**INSTRUCTIONS FOR THE TASK:** Extract the lines of the material below, beginning with the first and ending with the line that holds "RT new show". Skip every picture.

◇ ◇ ◇

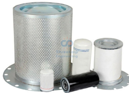
Air Compressor Oil Separator
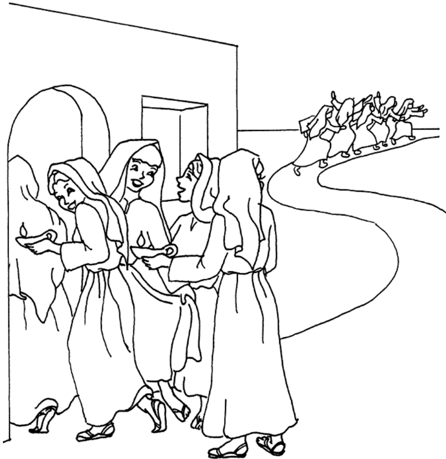
The Parable of the Ten Bridesmaids Matthew 25:1-13
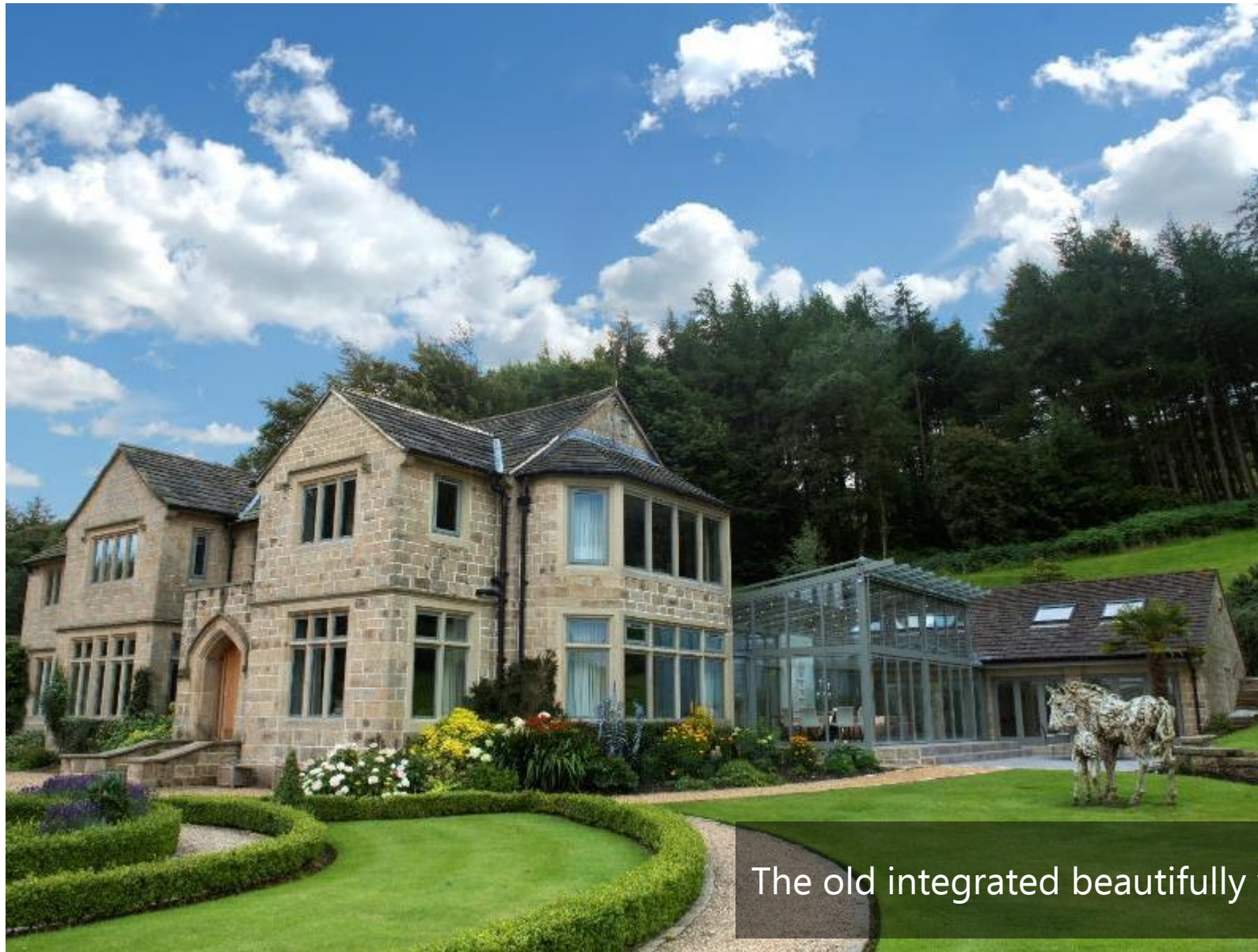
The old integrated beautifully with the new
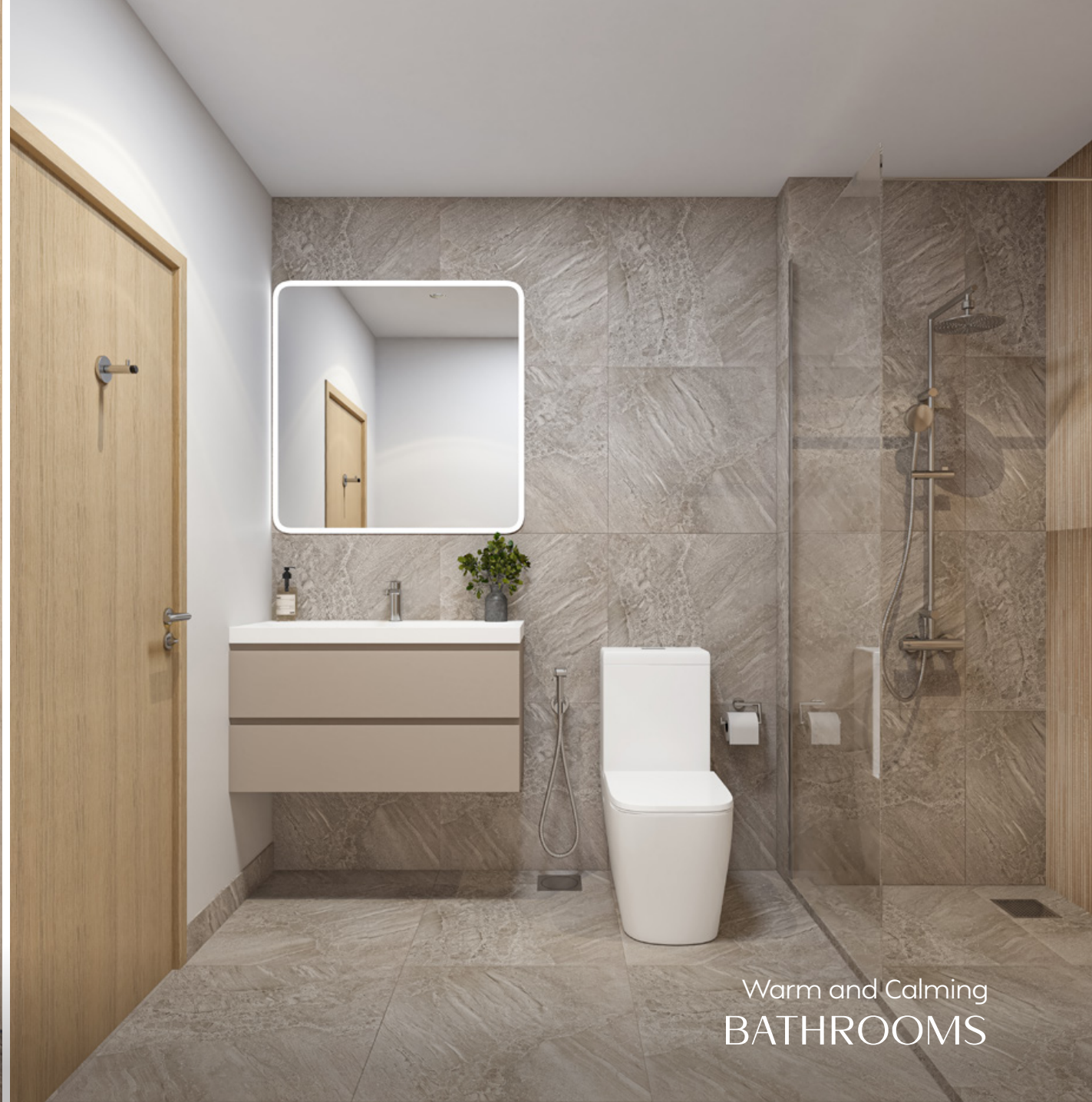
Warm and Calming BATHROOMS
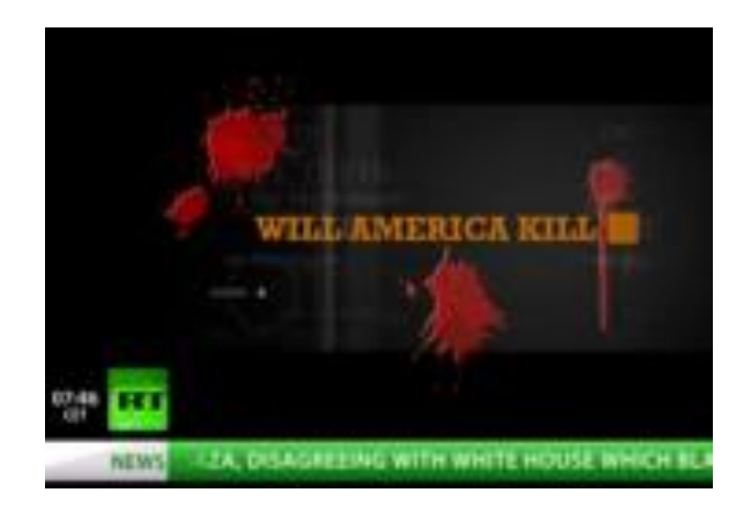
RT new show "Truthseeker" (RT, 11 November)

RT aired a documentary about the Occupy Wall Street movement on 1, 2, and 4 November. RT framed the movement as a fight against "the ruling class" and described the current US political system as corrupt and dominated by corporations. RT advertising for the documentary featured Occupy movement calls to "take back" the government. The documentary claimed that the US system cannot be changed democratically, but only through "revolution." After the 6 November US presidential election, RT aired a documentary called "Cultures of Protest," about active and often violent political resistance (RT, 1-10 November).
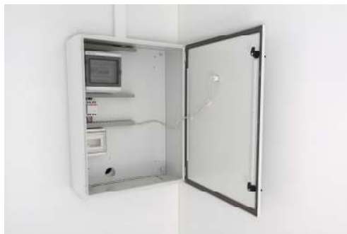
Interior view of shelter enclosure.
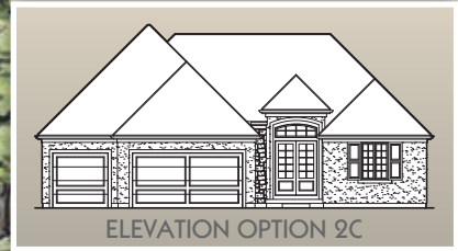
ELEVATION OPTION 2C
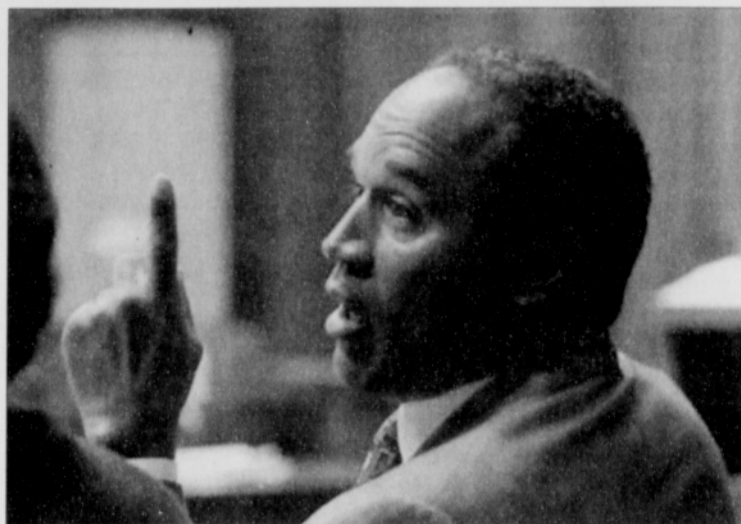
O.J. Simpson talks with one of his defense attorneys during his 2001 'road rage' trial in Miami-Dade County court.

Simpson was acquitted of criminal charges at the end of a sensational murder trial in 1995 but was found liable for the deaths of his
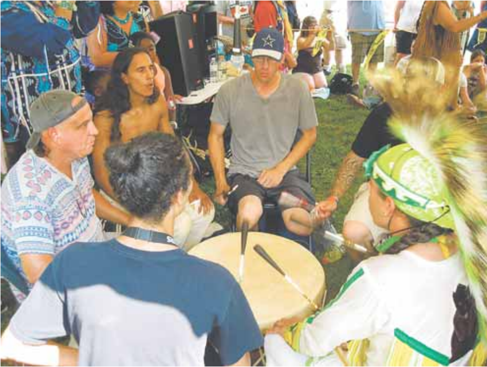
The Rappahannock Tribe from Indian Neck, Va., plays drums in a circle.
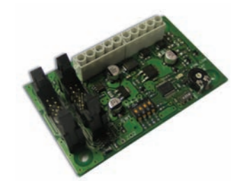
3100FLI Fire Link Interface

The 3100CCI provides a clean contact output per zone and can be configured (using on board DIL switches) to operate the relevant contacts on automatic zone activations, manual zone activations, any zone activations or any zone faults. To allow differentiation between manual or automatic zone activations, Protec 3000/MCP manual call points must be fitted.
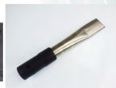
SV50/38CT 1 x Crevice tool

◇ ◇ ◇

**RESULT OF THIS TASK:**
Air Compressor Oil Separator
The Parable of the Ten Bridesmaids Matthew 25:1-13
The old integrated beautifully with the new
Warm and Calming BATHROOMS
RT new show "Truthseeker" (RT, 11 November)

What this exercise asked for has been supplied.